9.6.1. 采用 Conv2DTranspose 重建图像

采用 Conv2DTranspose 重建图像.

def autoencoderConv2D_1(input_shape=(28, 28, 1), 
                        filters=[32, 64, 128, 10]):
    input_img = Input(shape=input_shape)
    if input_shape[0] % 8 == 0:
        pad3 = 'same'
    else:
        pad3 = 'valid'
    x = Conv2D(filters[0], 
               5, 
               strides=2, 
               padding='same', 
               activation='relu', 
               name='conv1', 
               input_shape=input_shape)(input_img)

    x = Conv2D(filters[1], 
               5, 
               strides=2, 
               padding='same', 
               activation='relu', 
               name='conv2')(x)

    x = Conv2D(filters[2], 
               3, 
               strides=2, 
               padding=pad3, 
               activation='relu', 
               name='conv3')(x)

    x = Flatten()(x)
    encoded = Dense(units=filters[3], name='embedding')(x)
    x = Dense(
        units=filters[2]*int(input_shape[0]/8)*int(input_shape[0]/8), 
        activation='relu')(encoded)

    x = Reshape(
        (int(input_shape[0]/8), 
         int(input_shape[0]/8), 
         filters[2]))(x)
    x = Conv2DTranspose(filters[1], 
                        3, 
                        strides=2, 
                        padding=pad3, 
                        activation='relu', 
                        name='deconv3')(x)

    x = Conv2DTranspose(filters[0], 
                        5, 
                        strides=2, 
                        padding='same', 
                        activation='relu', 
                        name='deconv2')(x)
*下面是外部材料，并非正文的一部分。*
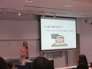 山田学科長による学科説明会。当学科では日々の地道な勉強が重要です!

    decoded = Conv2DTranspose(input_shape[2], 
                              5, 
                              strides=2, 
                              padding='same', 
                              name='deconv1')(x)
    return Model(inputs=input_img, 
                 outputs=decoded, 
                 name='AE'), 
           Model(inputs=input_img, 
                 outputs=encoded, 
                 name='encoder')

9.6.2. 采用 UpSampling2D 重建图像

采用 UpSampling2D 重建图像.


def autoencoderConv2D_2(img_shape=(28, 28, 1)):
    """
    Conv2D auto-encoder model.
    Arguments:
        img_shape: e.g. (28, 28, 1) for MNIST
    return:
        (autoencoder, encoder), 
        Model of autoencoder and model of encoder
    """
    input_img = Input(shape=img_shape)
    # Encoder
    x = Conv2D(16, 
               (3, 3), 
               activation='relu', 
               padding='same', 
               strides=(2, 2))(input_img)
    x = Conv2D(8, 
               (3, 3), 
               activation='relu', 
               padding='same', 
               strides=(2, 2))(x)
    x = Conv2D(8, 
               (3, 3), 
               activation='relu', 
               padding='same', 
               strides=(2, 2))(x)
    shape_before_flattening = K.int_shape(x)
    # at this point the representation is (4, 4, 8) i.e. 128-dimensional
    x = Flatten()(x)
    encoded = Dense(10, activation='relu', name='encoded')(x)

    # Decoder
    x = Dense(np.prod(shape_before_flattening[1:]),
              activation='relu')(encoded)
    # Reshape into an image of the same shape as before our last `Flatten` layer
    x = Reshape(shape_before_flattening[1:])(x)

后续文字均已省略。